### What to produce
Through the line with "لعب مجموعة باو" and starting from the first line, return the records below word for word, with pictures left out.

*** Opening of Data records ***

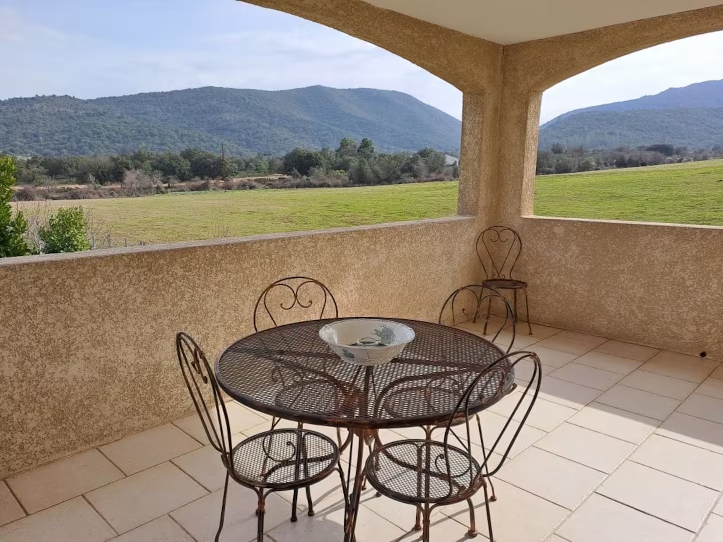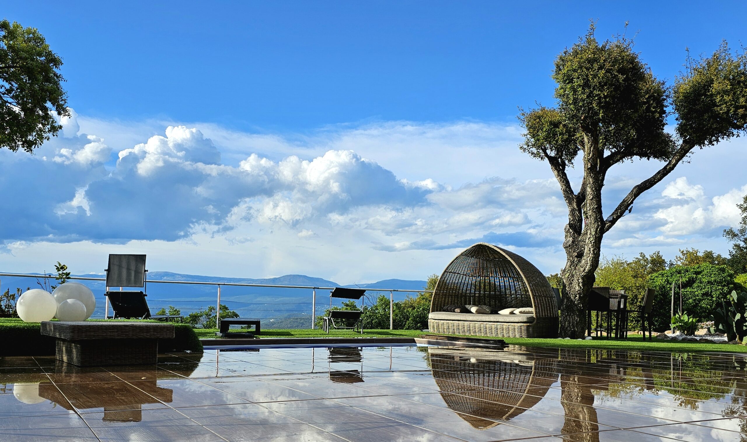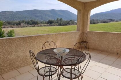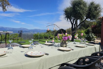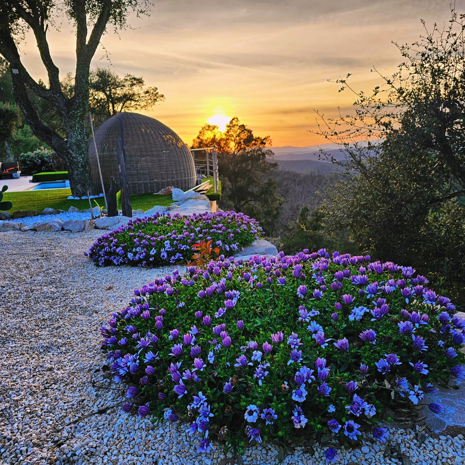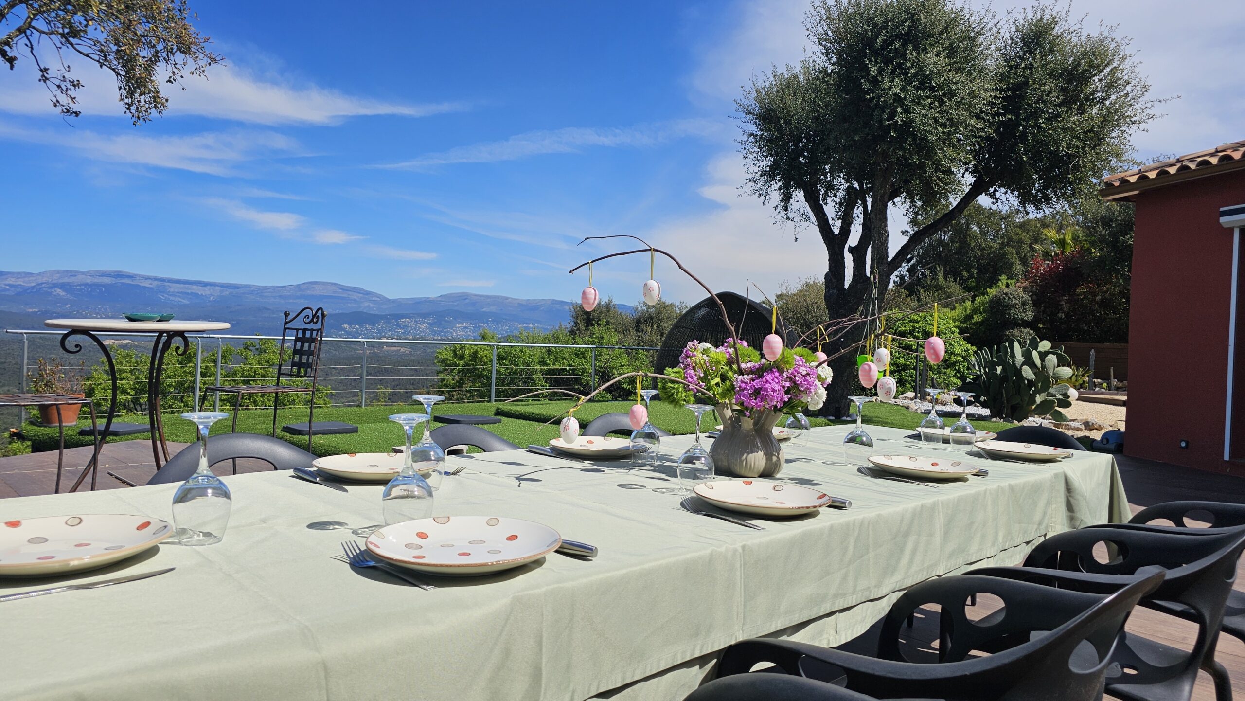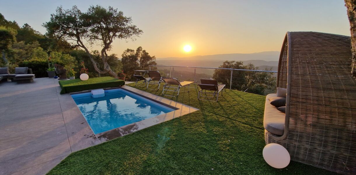 terrasse avec vue à 180° sur montagnes et coucher de soleil.
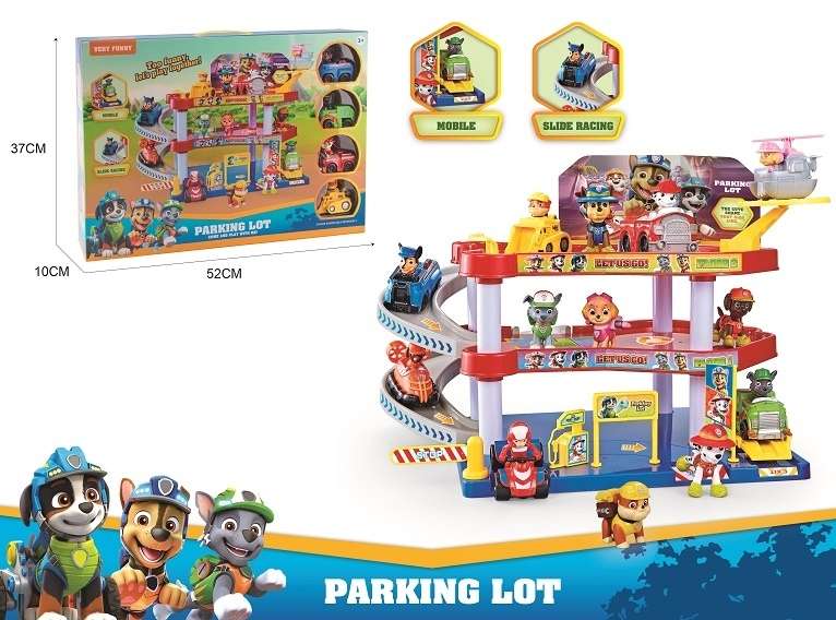 لعب مجموعة باو باترول وقوف السيارات مع مهبط للطائرات العمودية
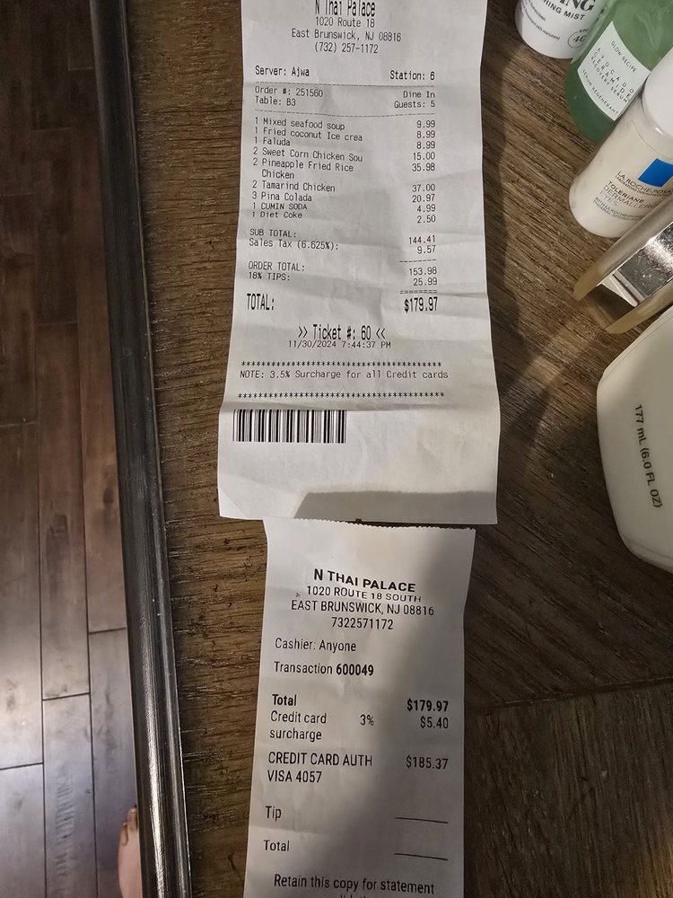 N Thai Palace, a halal Thai-Asian fusion restaurant in East Brunswick, NJ, offers a diverse menu with vegan and vegetarian options. Their spacious, wheelchair-accessible location provides a comfortable dining experience with private dining and outdoor seating available. Customers have raved about the flavorful dishes like red curry, hot garlic chicken, and drunken noodles, praising the generous portion sizes and fresh ingredients. The restaurant's commitment to quality and authenticity shines through in dishes like pineapple fried rice and Pad Thai noodles. While some customers noted slower service during peak times, the overall consensus is that N Thai Palace delivers on taste and variety. Whether dining with family or friends, N Thai Palace promises an unforgettable dining experience with classic Thai flavors and charming ambiance. Make a reservation to enjoy their unique culinary delights.
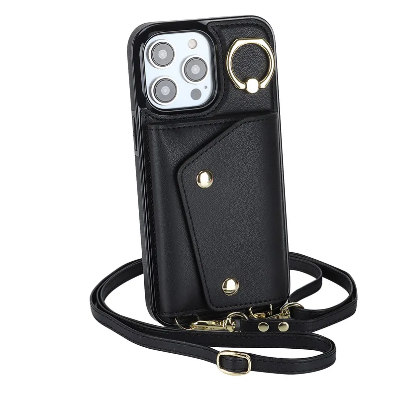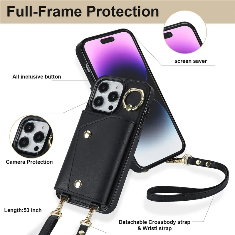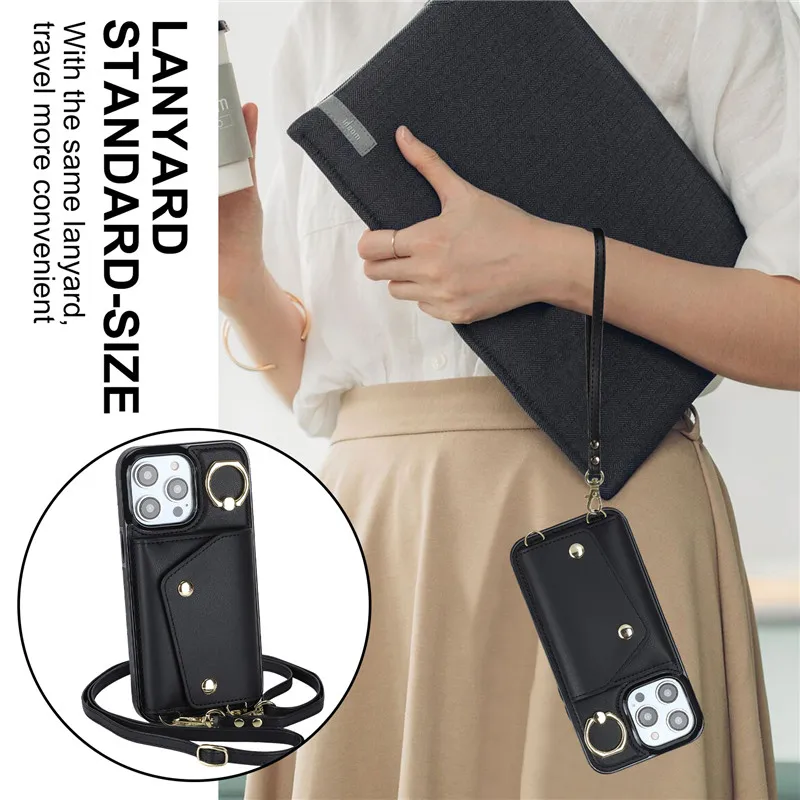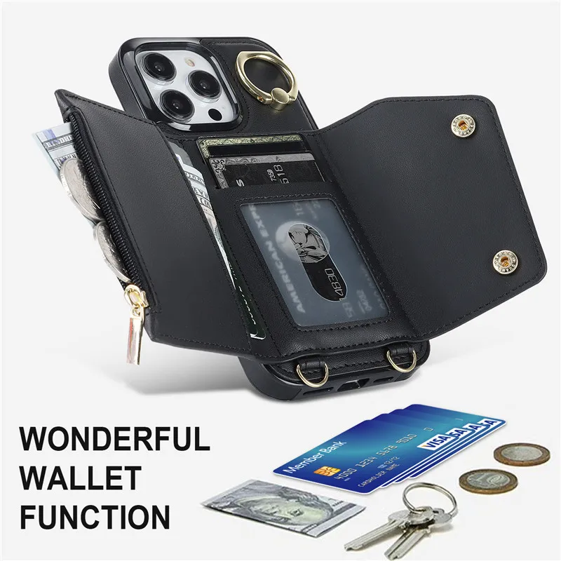 Lanyard Leather Zip Wallet Card Phone Case for iPhone 15 Pro Max 14 Plus 13 Mini 12 11 X XR XS SE 2022 8 7 Ring Flip Stand Cover
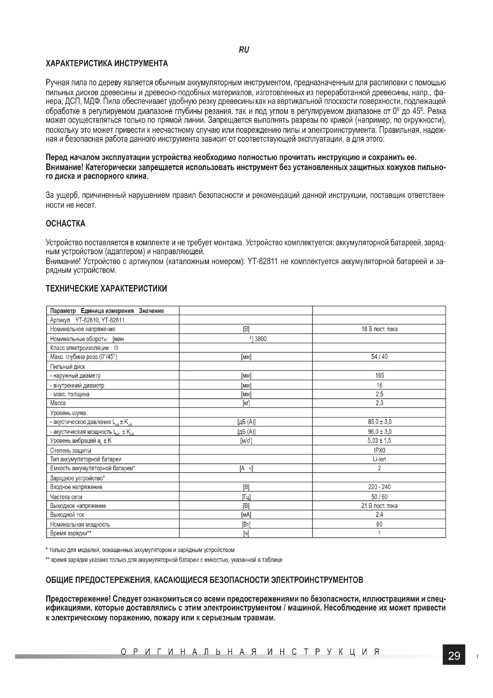 Устройство поставляется в комплекте и не требует монтажа. Устройство комплектуется: аккумуляторной батареей, заряд- ным устройством (адаптером) и направляющей. Внимание! Устройство с артикулом (каталожным номером): YT-82811 не комплектуется аккумуляторной батареей и за- рядным устройством. ТЕХНИЧЕСКИЕ ХАРАКТЕРИСТИКИ Параметр Единица измерения Значение Артикул YT-82810, YT-82811 Номинальное напряжение [В] 18 В пост. тока Номинальные обороты [мин

*** Close of Data records ***

### Written answer
 terrasse avec vue à 180° sur montagnes et coucher de soleil.
 لعب مجموعة باو باترول وقوف السيارات مع مهبط للطائرات العمودية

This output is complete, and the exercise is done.